Records for processing →
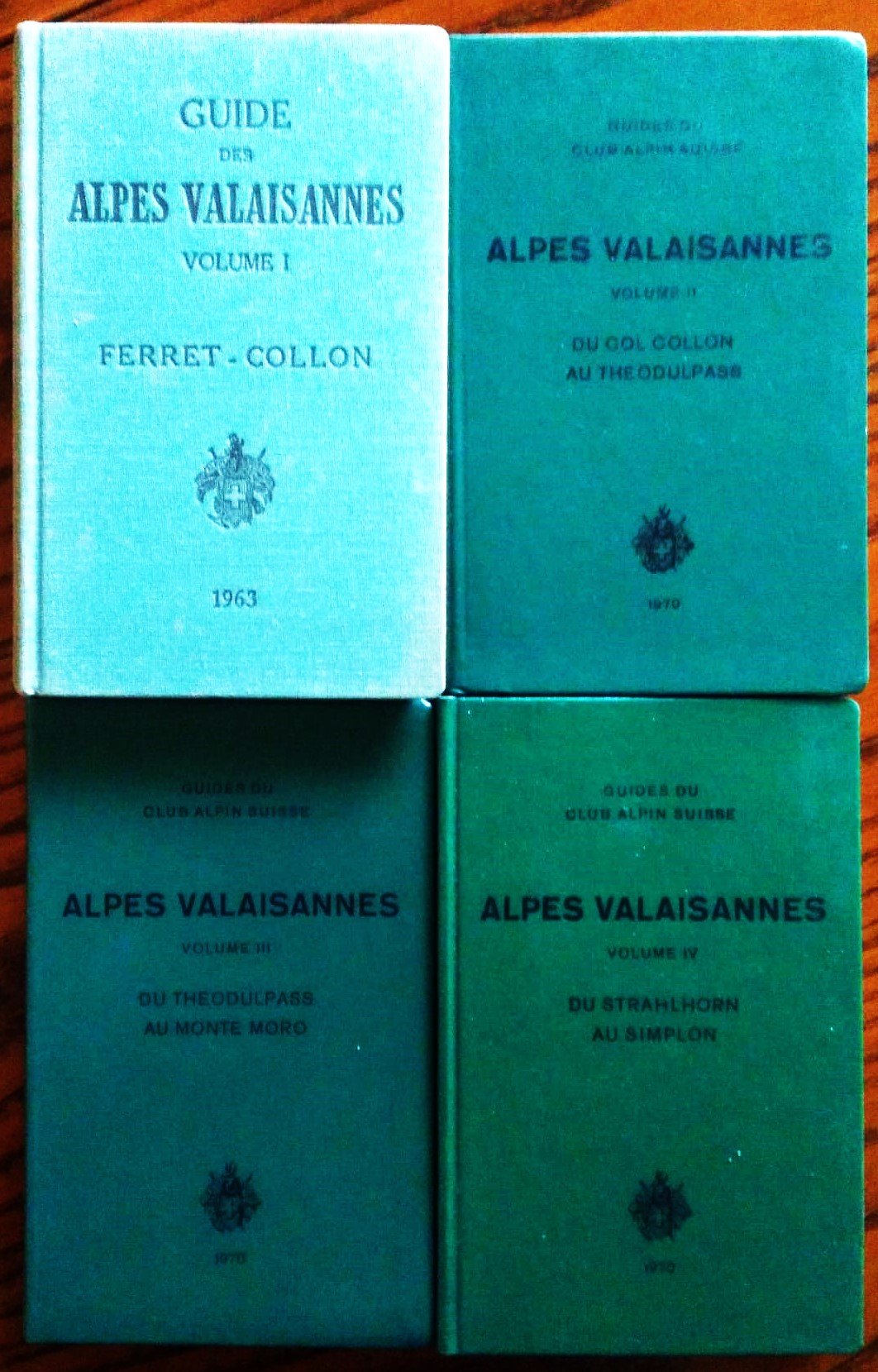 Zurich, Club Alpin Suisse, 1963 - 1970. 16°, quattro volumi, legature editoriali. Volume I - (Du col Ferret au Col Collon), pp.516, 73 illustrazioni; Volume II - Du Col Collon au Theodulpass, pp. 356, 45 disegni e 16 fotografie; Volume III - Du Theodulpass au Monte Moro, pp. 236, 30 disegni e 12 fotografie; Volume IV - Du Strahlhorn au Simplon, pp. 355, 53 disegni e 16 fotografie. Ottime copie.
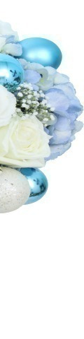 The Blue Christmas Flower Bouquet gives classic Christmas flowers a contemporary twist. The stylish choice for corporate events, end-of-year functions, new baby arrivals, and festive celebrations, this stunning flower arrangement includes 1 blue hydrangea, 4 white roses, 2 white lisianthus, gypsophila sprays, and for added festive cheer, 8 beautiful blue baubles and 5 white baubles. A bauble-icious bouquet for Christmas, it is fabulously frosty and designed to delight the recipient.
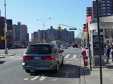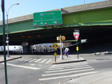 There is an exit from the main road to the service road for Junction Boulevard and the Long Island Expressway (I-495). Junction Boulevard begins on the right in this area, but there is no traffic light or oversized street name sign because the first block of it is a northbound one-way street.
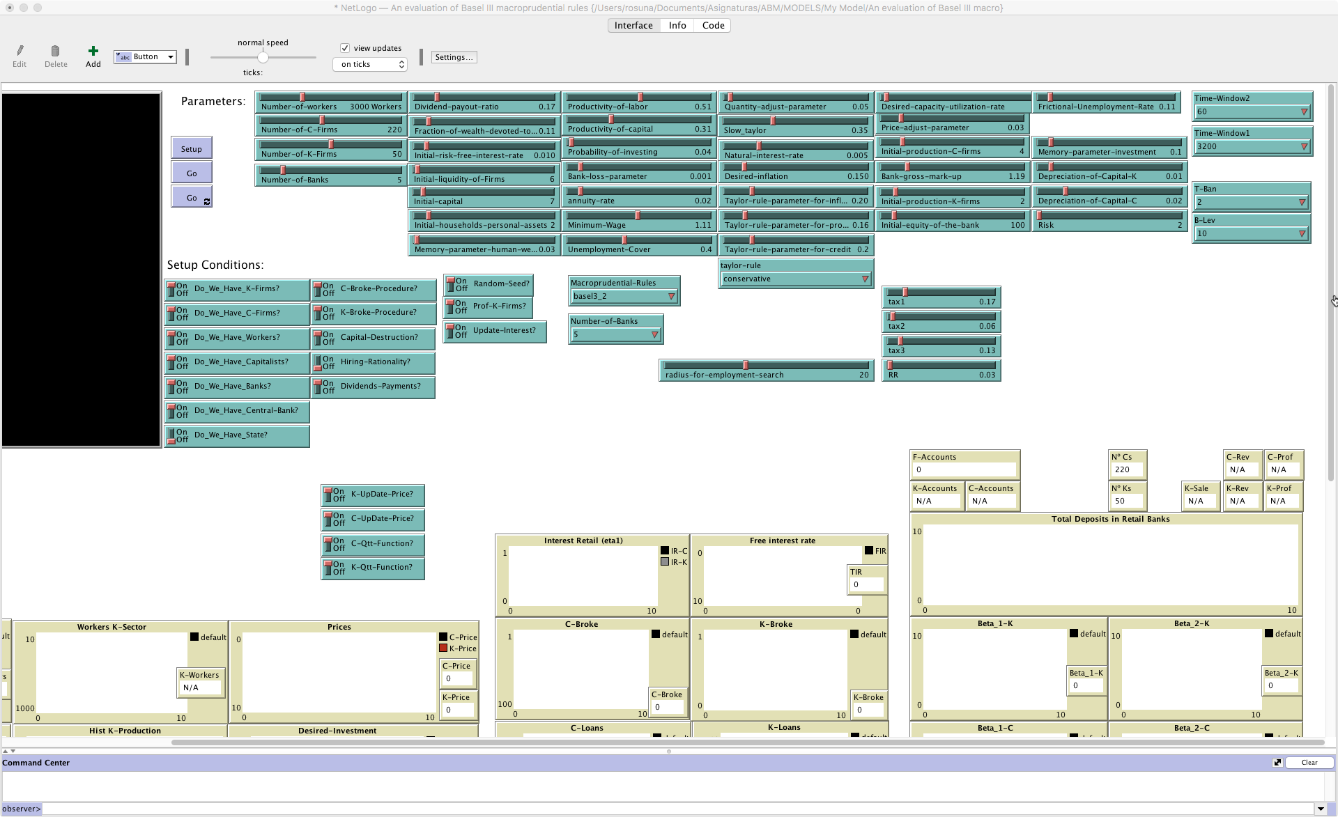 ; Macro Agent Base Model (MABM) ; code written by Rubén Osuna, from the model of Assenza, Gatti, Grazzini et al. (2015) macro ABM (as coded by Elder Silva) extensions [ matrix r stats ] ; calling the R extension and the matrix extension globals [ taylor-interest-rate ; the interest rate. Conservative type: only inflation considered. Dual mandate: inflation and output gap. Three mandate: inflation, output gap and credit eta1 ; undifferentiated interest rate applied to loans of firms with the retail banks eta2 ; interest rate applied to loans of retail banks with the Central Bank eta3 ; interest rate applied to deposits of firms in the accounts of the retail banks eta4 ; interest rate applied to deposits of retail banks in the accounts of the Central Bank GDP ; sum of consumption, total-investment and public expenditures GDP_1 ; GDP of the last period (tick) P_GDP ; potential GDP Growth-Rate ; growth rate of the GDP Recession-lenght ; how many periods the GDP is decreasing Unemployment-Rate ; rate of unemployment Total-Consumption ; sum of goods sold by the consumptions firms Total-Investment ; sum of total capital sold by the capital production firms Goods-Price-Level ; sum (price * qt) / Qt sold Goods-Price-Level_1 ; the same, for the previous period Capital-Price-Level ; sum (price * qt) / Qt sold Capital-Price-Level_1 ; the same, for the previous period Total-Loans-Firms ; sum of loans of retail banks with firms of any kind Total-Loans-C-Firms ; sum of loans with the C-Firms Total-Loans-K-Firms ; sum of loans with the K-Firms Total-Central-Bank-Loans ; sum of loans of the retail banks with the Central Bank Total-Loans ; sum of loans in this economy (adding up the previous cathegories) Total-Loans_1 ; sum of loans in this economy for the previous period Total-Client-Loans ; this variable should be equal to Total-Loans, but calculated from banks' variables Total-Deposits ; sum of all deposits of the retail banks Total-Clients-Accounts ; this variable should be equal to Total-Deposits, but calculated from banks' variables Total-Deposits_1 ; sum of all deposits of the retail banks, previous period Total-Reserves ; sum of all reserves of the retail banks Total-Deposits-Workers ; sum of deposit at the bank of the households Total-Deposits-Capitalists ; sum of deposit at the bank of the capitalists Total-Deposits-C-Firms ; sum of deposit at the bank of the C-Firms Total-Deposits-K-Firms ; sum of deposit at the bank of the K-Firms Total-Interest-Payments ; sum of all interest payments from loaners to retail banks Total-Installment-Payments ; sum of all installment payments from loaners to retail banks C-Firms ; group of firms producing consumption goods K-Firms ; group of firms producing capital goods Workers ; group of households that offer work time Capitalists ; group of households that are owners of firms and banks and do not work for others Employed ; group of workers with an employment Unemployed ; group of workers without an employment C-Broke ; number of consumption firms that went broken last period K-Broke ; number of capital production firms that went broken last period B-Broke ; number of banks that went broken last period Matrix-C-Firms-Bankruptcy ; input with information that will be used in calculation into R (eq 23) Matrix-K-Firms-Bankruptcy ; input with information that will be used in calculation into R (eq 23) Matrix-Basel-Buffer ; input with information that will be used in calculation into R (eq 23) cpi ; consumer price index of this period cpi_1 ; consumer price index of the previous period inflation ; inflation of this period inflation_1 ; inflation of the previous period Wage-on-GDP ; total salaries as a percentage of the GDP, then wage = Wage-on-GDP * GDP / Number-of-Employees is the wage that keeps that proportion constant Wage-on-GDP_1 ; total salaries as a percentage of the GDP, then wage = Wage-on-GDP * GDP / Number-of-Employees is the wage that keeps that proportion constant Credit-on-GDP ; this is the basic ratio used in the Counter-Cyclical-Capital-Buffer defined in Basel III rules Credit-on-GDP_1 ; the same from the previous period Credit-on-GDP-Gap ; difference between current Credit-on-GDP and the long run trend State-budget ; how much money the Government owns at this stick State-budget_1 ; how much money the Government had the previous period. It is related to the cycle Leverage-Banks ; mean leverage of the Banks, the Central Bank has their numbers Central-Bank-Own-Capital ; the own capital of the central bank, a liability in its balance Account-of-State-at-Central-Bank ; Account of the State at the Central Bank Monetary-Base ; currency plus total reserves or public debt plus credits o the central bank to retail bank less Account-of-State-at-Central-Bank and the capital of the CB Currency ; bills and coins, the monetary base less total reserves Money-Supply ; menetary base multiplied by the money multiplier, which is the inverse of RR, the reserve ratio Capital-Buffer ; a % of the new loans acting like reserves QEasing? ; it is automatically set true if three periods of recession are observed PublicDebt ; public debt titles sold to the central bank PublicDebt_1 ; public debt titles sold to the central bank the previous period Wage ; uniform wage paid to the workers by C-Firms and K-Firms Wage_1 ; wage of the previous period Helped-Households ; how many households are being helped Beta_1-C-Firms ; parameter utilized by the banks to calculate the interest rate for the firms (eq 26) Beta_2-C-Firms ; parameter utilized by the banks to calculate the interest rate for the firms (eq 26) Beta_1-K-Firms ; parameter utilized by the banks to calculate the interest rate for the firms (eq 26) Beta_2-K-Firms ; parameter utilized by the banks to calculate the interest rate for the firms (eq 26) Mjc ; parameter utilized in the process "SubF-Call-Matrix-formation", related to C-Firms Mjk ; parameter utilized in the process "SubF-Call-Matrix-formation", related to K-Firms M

...

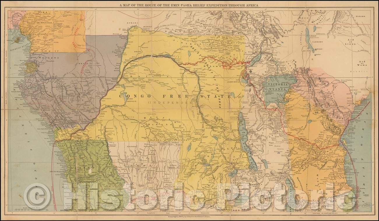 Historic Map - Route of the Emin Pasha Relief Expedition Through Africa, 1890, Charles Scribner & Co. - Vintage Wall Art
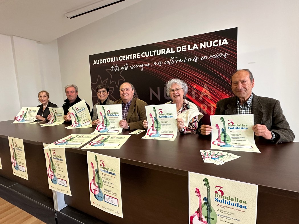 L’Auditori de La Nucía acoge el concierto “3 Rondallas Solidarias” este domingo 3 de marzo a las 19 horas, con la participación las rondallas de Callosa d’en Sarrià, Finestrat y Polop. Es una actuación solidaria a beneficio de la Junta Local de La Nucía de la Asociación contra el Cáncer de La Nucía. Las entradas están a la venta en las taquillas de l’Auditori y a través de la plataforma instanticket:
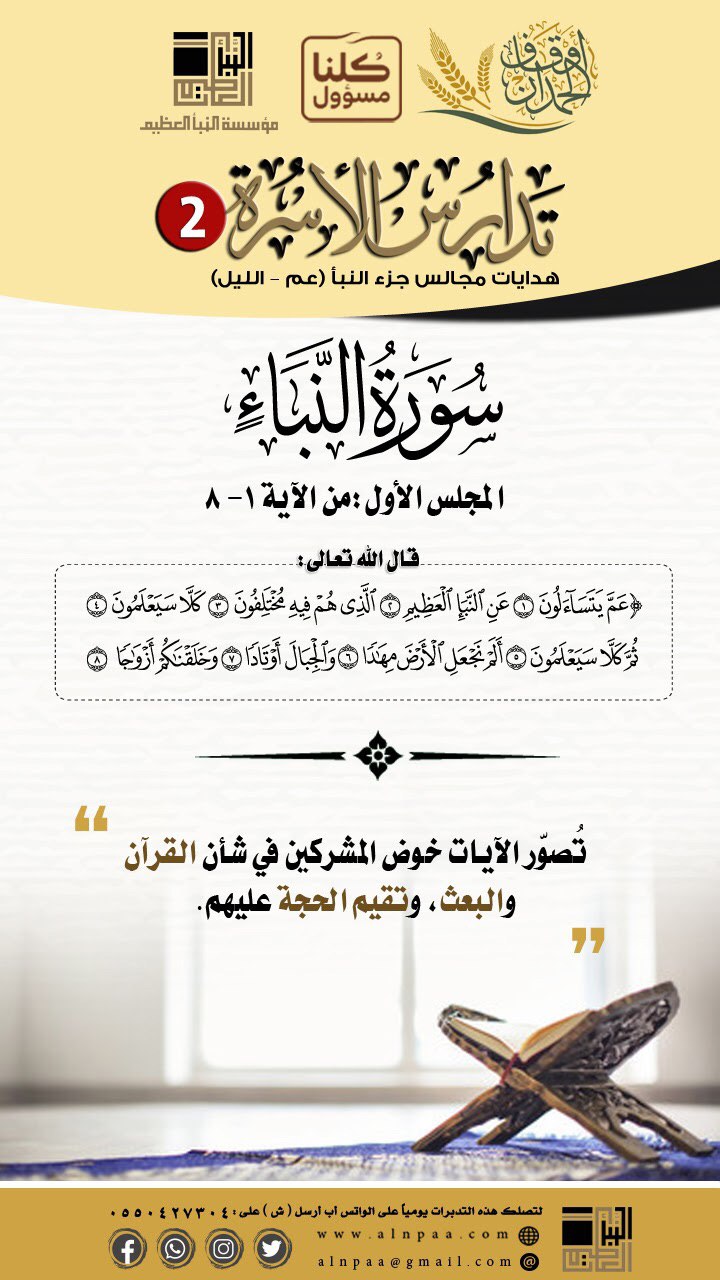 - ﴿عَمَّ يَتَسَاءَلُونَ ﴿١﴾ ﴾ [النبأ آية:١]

What is needed →
With the pictures removed from your copy, retype the lines above from the one that contains "Zurich, Club Alpin" through the one that contains "There is an", exactly.

Answer to this problem →
 Zurich, Club Alpin Suisse, 1963 - 1970. 16°, quattro volumi, legature editoriali. Volume I - (Du col Ferret au Col Collon), pp.516, 73 illustrazioni; Volume II - Du Col Collon au Theodulpass, pp. 356, 45 disegni e 16 fotografie; Volume III - Du Theodulpass au Monte Moro, pp. 236, 30 disegni e 12 fotografie; Volume IV - Du Strahlhorn au Simplon, pp. 355, 53 disegni e 16 fotografie. Ottime copie.
 The Blue Christmas Flower Bouquet gives classic Christmas flowers a contemporary twist. The stylish choice for corporate events, end-of-year functions, new baby arrivals, and festive celebrations, this stunning flower arrangement includes 1 blue hydrangea, 4 white roses, 2 white lisianthus, gypsophila sprays, and for added festive cheer, 8 beautiful blue baubles and 5 white baubles. A bauble-icious bouquet for Christmas, it is fabulously frosty and designed to delight the recipient.
 There is an exit from the main road to the service road for Junction Boulevard and the Long Island Expressway (I-495). Junction Boulevard begins on the right in this area, but there is no traffic light or oversized street name sign because the first block of it is a northbound one-way street.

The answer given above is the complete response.